Opinion
No. 4-457 / 04-0887.
July 14, 2004.
Appeal from the Iowa District Court for Polk County, D.J. Stovall, Judge.
Mother appeals the ruling denying her motion to modify placement of her minor child. AFFIRMED.
Thomas Graves, Des Moines, for appellant-mother.
Thomas J. Miller, Attorney General, Bruce Kempkes, Assistant Attorney General, John Sarcone, County Attorney, and Andrea Vitzthum, Assistant County Attorney, for appellee-State.
Kimberly Ayotte, Des Moines, for child.
Considered by Vogel, P.J., and Hecht and Eisenhauer, JJ. Vaitheswaran, J., takes no part.
Krystle is the mother of E.E., born in September 2003. E.E. was voluntarily removed from her parents' home on October 14, 2003, after it was brought to the attention of the Department of Human Services (DHS) that Krystle had shaken and dropped the infant causing a skull fracture, and the father was using drugs. E.E. was placed in a reported non-adoptive foster home at the time of her removal. On January 27, 2004, E.E. was adjudicated in need of assistance (CINA) as to her mother under Iowa Code sections 232.6(b) (parent has physically abused or neglected child) and 232.6(c)(2) (child is likely to suffer harm due to parent's failure to exercise care in supervising child) (2003). E.E. remained in the care of her foster parents. On April 8, 2004, the father filed a motion to modify seeking placement of E.E. with a family member. Krystle subsequently joined in the motion. A hearing was held and on May 14, 2004, the district court denied the motion. Krystle appeals.
The father is not a part of this appeal.
A parent has the burden to show circumstances have so materially and substantially changed that the best interests of the child requires a change in custody. In re J.F., 386 N.W.2d 149, 152 (Iowa Ct.App. 1986). Our overriding concern in such cases is always the best interests of the child. In re K.N., 625 N.W.2d 731, 733 (Iowa 2001).

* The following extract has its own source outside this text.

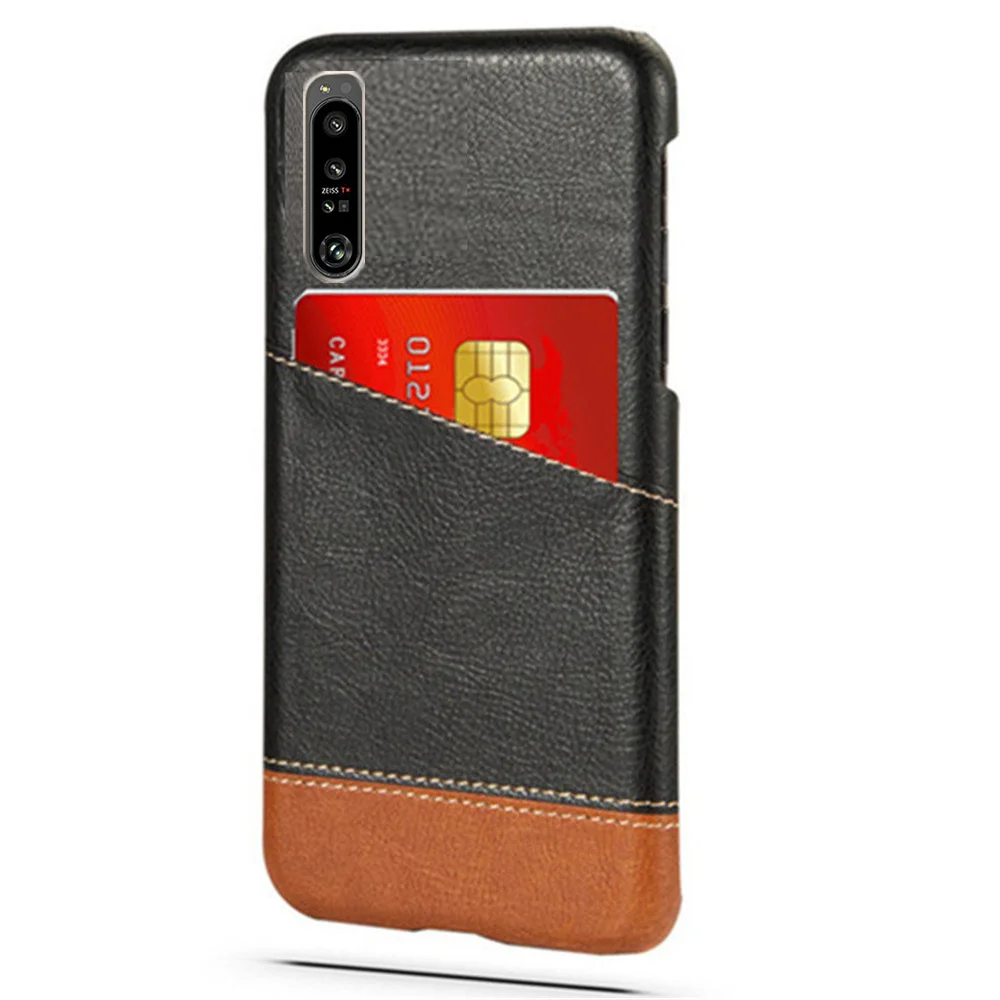 Funda para Sony Xperia 1 IV / 10 IV empalme mixto PU cuero titular de la tarjeta de crédito cubierta para Sony Xperia 1 IV / 10 IV Funda trasera Coque

Although E.E. was removed from her parents' care in October 2003, when she was just six weeks old, it was not until mid-March 2004 the parents informed DHS that there were family members available for possible placement. The primary family member being considered for placement was Margaret, E.E.'s sixty-nine year old, maternal great-grandmother. Susan Lucas, a child and family resource specialist who worked with Krystle during her visits with the child, testified that E.E. was bonded with her foster parents and did not want to leave them when it was time for her to go to her visits with her biological parents. Lucas also testified that although Margaret transported Krystle to and from approximately half of the supervised visits, Margaret's contact with E.E. was minimal. This is understandable as the visits focused on the relationship between Krystle and E.E., with Margaret as a mere observer. The result, however, was very limited bonding between E.E. and Margaret. In addition Lucas expressed concern that considering the abuse E.E. had suffered, removing her from the foster home at this time would cause her to suffer from an attachment disorder, affecting her ability to develop relationships for the rest of her life. Margaret also testified at the hearing, stating that she felt it was important to have E.E. placed in a family member's home rather than foster care. Krystle asserts that E.E. should be placed with Margaret now, so that if the State terminates her parental rights, E.E. would already be in a permanent placement with Margaret. Krystle also relies on Iowa Code section 232.116(3)(a) stating that a court need not terminate parental rights if the child is in the legal custody of a relative. However, the record does not contain any evidence that E.E. would be placed with Margaret or any family member in the case of termination.
As the district court stated in its ruling, we are "required to balance the desire for a child to be raised by a blood relative against the trauma associated with uprooting the child from a foster family with whom the child has established a substantial bond." The court also found that "the only justification for disruption of the bond at this time would be for purposes of reuniting the child with her natural parents." Unfortunately, Margaret did not come forward to offer her home as a placement for E.E. at or near the time of removal. With the passing of each day, E.E. became more bonded with the foster family and further removed from any family members. Even if this foster home is not a preadoptive placement, we do not find Krystle has met her burden to show a material change of circumstances justifying uprooting this child to yet another placement at this time. See J.F., 386 N.W.2d at 152. We agree with the district court it is in the best interests of E.E. to deny the petition to modify placement.